EXERCISE OBJECTIVE. Within the records below, repeat each line exactly but keep every picture out of the copy.

(Stored data entries)
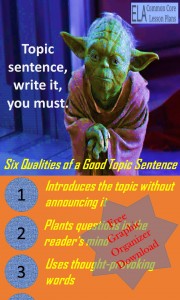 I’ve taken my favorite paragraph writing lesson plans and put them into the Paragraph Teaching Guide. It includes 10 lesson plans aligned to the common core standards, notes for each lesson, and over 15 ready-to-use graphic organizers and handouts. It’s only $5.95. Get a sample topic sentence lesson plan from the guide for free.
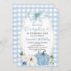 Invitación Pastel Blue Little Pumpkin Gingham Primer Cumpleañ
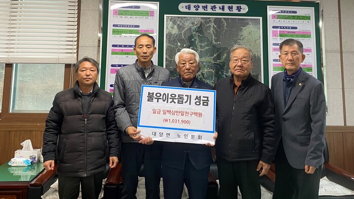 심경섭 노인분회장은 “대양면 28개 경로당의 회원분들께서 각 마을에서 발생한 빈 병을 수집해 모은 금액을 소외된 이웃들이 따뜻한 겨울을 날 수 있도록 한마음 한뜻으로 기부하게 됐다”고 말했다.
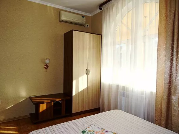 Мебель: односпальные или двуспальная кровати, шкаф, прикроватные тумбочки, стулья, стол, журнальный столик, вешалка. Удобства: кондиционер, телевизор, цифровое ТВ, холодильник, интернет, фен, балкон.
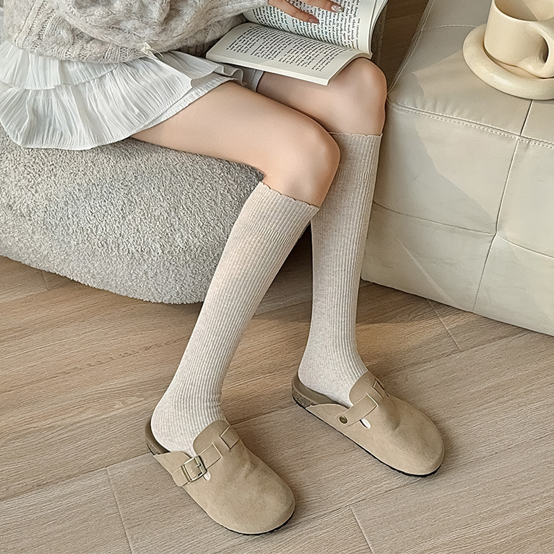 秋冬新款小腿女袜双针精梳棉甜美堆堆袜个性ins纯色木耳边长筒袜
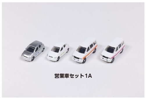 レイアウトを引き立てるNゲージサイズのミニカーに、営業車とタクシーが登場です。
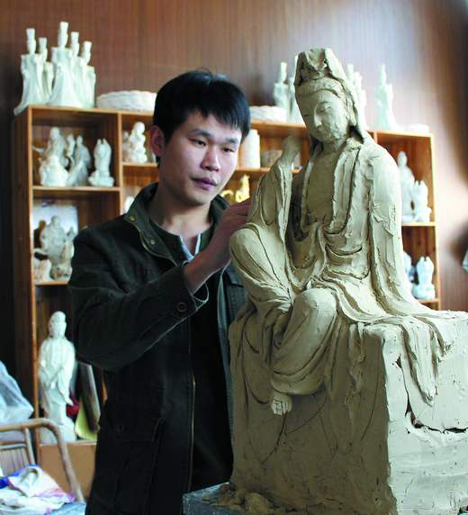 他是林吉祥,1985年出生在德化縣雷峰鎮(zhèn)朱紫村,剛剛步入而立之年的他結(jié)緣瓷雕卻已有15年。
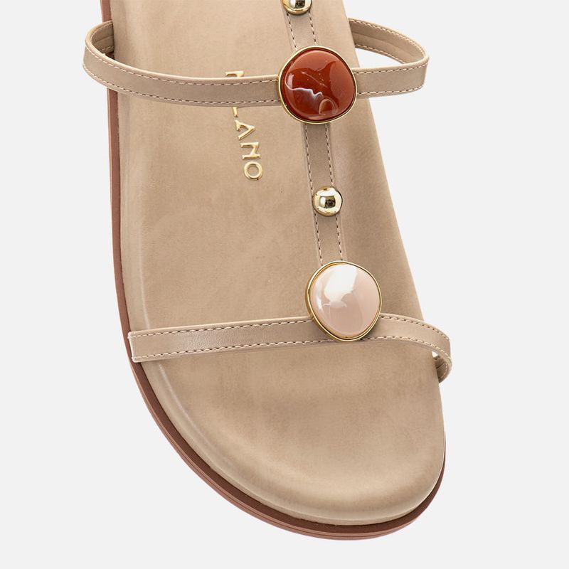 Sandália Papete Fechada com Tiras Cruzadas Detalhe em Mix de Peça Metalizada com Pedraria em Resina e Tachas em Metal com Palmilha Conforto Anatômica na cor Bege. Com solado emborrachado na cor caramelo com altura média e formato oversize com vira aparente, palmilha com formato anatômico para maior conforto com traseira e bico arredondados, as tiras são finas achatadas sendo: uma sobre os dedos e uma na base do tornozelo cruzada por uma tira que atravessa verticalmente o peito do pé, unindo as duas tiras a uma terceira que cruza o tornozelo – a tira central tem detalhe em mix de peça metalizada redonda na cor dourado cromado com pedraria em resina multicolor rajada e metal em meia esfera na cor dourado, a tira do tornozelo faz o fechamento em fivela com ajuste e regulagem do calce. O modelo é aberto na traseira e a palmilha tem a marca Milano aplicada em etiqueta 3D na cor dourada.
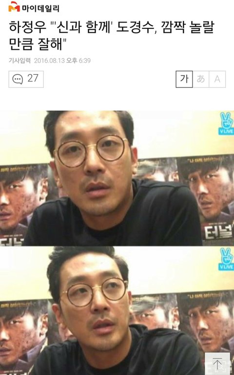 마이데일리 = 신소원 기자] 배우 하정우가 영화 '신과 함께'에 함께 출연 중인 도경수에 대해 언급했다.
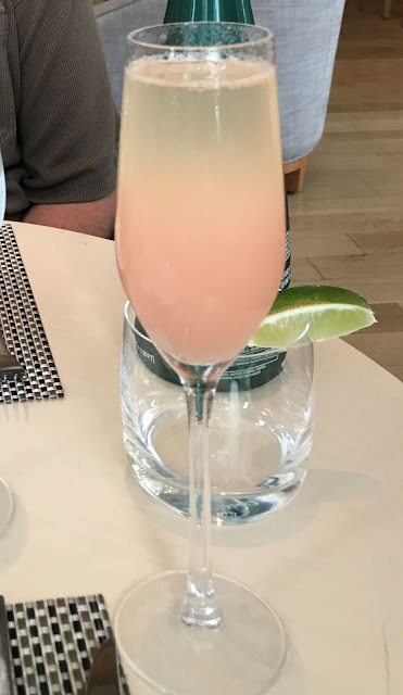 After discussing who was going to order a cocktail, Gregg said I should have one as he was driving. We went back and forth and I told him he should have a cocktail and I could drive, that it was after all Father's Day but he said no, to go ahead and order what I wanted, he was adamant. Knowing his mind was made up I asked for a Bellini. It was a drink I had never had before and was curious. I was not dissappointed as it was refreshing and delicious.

OUTPUT.
 I’ve taken my favorite paragraph writing lesson plans and put them into the Paragraph Teaching Guide. It includes 10 lesson plans aligned to the common core standards, notes for each lesson, and over 15 ready-to-use graphic organizers and handouts. It’s only $5.95. Get a sample topic sentence lesson plan from the guide for free.
 Invitación Pastel Blue Little Pumpkin Gingham Primer Cumpleañ
 심경섭 노인분회장은 “대양면 28개 경로당의 회원분들께서 각 마을에서 발생한 빈 병을 수집해 모은 금액을 소외된 이웃들이 따뜻한 겨울을 날 수 있도록 한마음 한뜻으로 기부하게 됐다”고 말했다.
 Мебель: односпальные или двуспальная кровати, шкаф, прикроватные тумбочки, стулья, стол, журнальный столик, вешалка. Удобства: кондиционер, телевизор, цифровое ТВ, холодильник, интернет, фен, балкон.
 秋冬新款小腿女袜双针精梳棉甜美堆堆袜个性ins纯色木耳边长筒袜
 レイアウトを引き立てるNゲージサイズのミニカーに、営業車とタクシーが登場です。
 他是林吉祥,1985年出生在德化縣雷峰鎮(zhèn)朱紫村,剛剛步入而立之年的他結(jié)緣瓷雕卻已有15年。
 Sandália Papete Fechada com Tiras Cruzadas Detalhe em Mix de Peça Metalizada com Pedraria em Resina e Tachas em Metal com Palmilha Conforto Anatômica na cor Bege. Com solado emborrachado na cor caramelo com altura média e formato oversize com vira aparente, palmilha com formato anatômico para maior conforto com traseira e bico arredondados, as tiras são finas achatadas sendo: uma sobre os dedos e uma na base do tornozelo cruzada por uma tira que atravessa verticalmente o peito do pé, unindo as duas tiras a uma terceira que cruza o tornozelo – a tira central tem detalhe em mix de peça metalizada redonda na cor dourado cromado com pedraria em resina multicolor rajada e metal em meia esfera na cor dourado, a tira do tornozelo faz o fechamento em fivela com ajuste e regulagem do calce. O modelo é aberto na traseira e a palmilha tem a marca Milano aplicada em etiqueta 3D na cor dourada.
 마이데일리 = 신소원 기자] 배우 하정우가 영화 '신과 함께'에 함께 출연 중인 도경수에 대해 언급했다.
 After discussing who was going to order a cocktail, Gregg said I should have one as he was driving. We went back and forth and I told him he should have a cocktail and I could drive, that it was after all Father's Day but he said no, to go ahead and order what I wanted, he was adamant. Knowing his mind was made up I asked for a Bellini. It was a drink I had never had before and was curious. I was not dissappointed as it was refreshing and delicious.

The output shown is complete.